Records from a data source:
__________

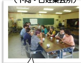
農作業中の方も合間に立ち寄ってくれました
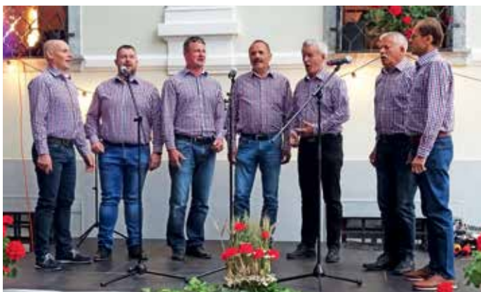
Pevci Vokalne skupine Zala

Pred Dvorcem Visoko je konec junija potekal že tradicionalni Pevski večer.
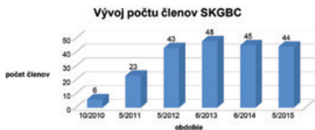
Členské spoločnosti SKGBC podľa veľkosti

ktorých je 31. Spoločnosti do 50 zamestnancov sú medzi členmi SKGBC dve a viac ako 50 zamestnancov má 9 členských spoločností. V tejto kategórii sa zvlášť uvádzajú dvaja pridružený členovia.
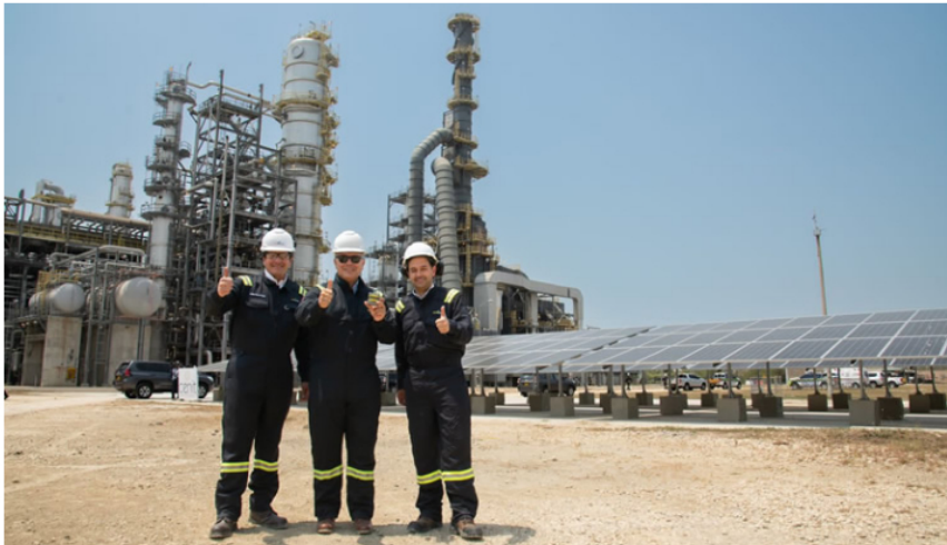
Ecopetrol y Promigas arrancaron primeros pilotos de Hidrógeno Verde en Cartagena

También, que los incentivos existentes para el transporte limpio y sostenible cobijan a los vehículos a base de hidrógeno..
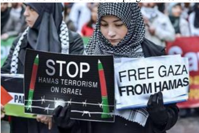
Moslimvrouwen in Gaza betogen tegen de dictatuur en vrouwenonderdrukking van Hamas in de Gazastrook

Oude Arabische vrouwen en kinderen worden door Hamas gedwongen om te blijven wonen in fake tentenkampen midden tussen de puinhopen om zo de Westerse journalisten en allerhande diplomaten te misleiden zodat Hamas kan laten zien hoe 'vreselijk' Israël met de bevolking in Gaza omgaat. Dat zorgt namelijk voor de constante toestroom van buitenlandse giften, en het houdt de banen van de honderden medewerkers van de diverse hulporganisaties in stand die met dit geld worden betaald.
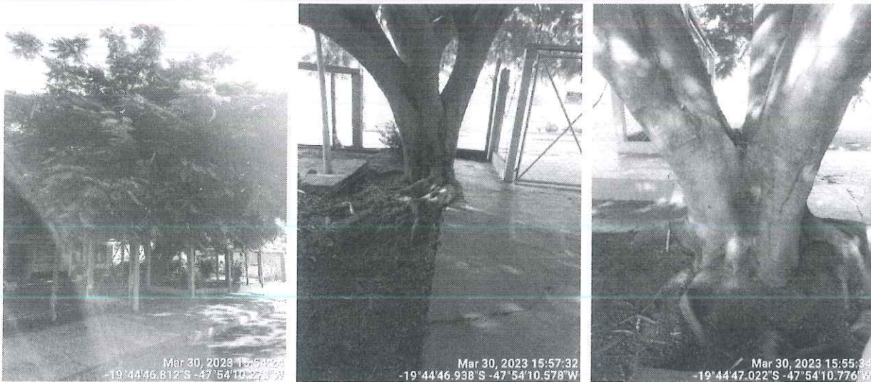
Figura 1 – Flamboyant.

Diante do exposto, encaminhamos o Relatório Técnico e a Autorização nº 91/2023 para conhecimento e providências cabíveis.
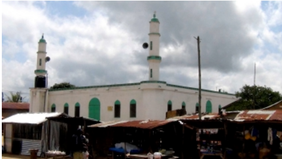
Mosquée à Sokodé Togo
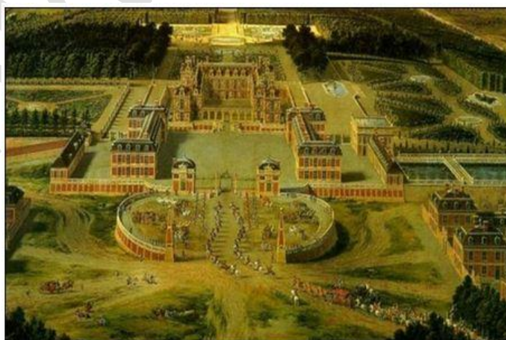
Hình 4: Cung điện Véc-xai

+ Kiến trúc: Cung điện Véc xai được hoàn thành vào năm 1708; Bảo tàng Anh; Viện bảo tàng Ec-mi-ta-giơ; Bảo tàng Lu-vơ (Pa-ri-Pháp), là bảo tàng bằng hiện vật lớn nhất thế giới.

__________

Assignment: Write out the entries again, exactly as given, skipping any images.

Reply:
農作業中の方も合間に立ち寄ってくれました
Pevci Vokalne skupine Zala

Pred Dvorcem Visoko je konec junija potekal že tradicionalni Pevski večer.
Členské spoločnosti SKGBC podľa veľkosti

ktorých je 31. Spoločnosti do 50 zamestnancov sú medzi členmi SKGBC dve a viac ako 50 zamestnancov má 9 členských spoločností. V tejto kategórii sa zvlášť uvádzajú dvaja pridružený členovia.
Ecopetrol y Promigas arrancaron primeros pilotos de Hidrógeno Verde en Cartagena

También, que los incentivos existentes para el transporte limpio y sostenible cobijan a los vehículos a base de hidrógeno..
Moslimvrouwen in Gaza betogen tegen de dictatuur en vrouwenonderdrukking van Hamas in de Gazastrook

Oude Arabische vrouwen en kinderen worden door Hamas gedwongen om te blijven wonen in fake tentenkampen midden tussen de puinhopen om zo de Westerse journalisten en allerhande diplomaten te misleiden zodat Hamas kan laten zien hoe 'vreselijk' Israël met de bevolking in Gaza omgaat. Dat zorgt namelijk voor de constante toestroom van buitenlandse giften, en het houdt de banen van de honderden medewerkers van de diverse hulporganisaties in stand die met dit geld worden betaald.
Figura 1 – Flamboyant.

Diante do exposto, encaminhamos o Relatório Técnico e a Autorização nº 91/2023 para conhecimento e providências cabíveis.
Mosquée à Sokodé Togo
Hình 4: Cung điện Véc-xai

+ Kiến trúc: Cung điện Véc xai được hoàn thành vào năm 1708; Bảo tàng Anh; Viện bảo tàng Ec-mi-ta-giơ; Bảo tàng Lu-vơ (Pa-ri-Pháp), là bảo tàng bằng hiện vật lớn nhất thế giới.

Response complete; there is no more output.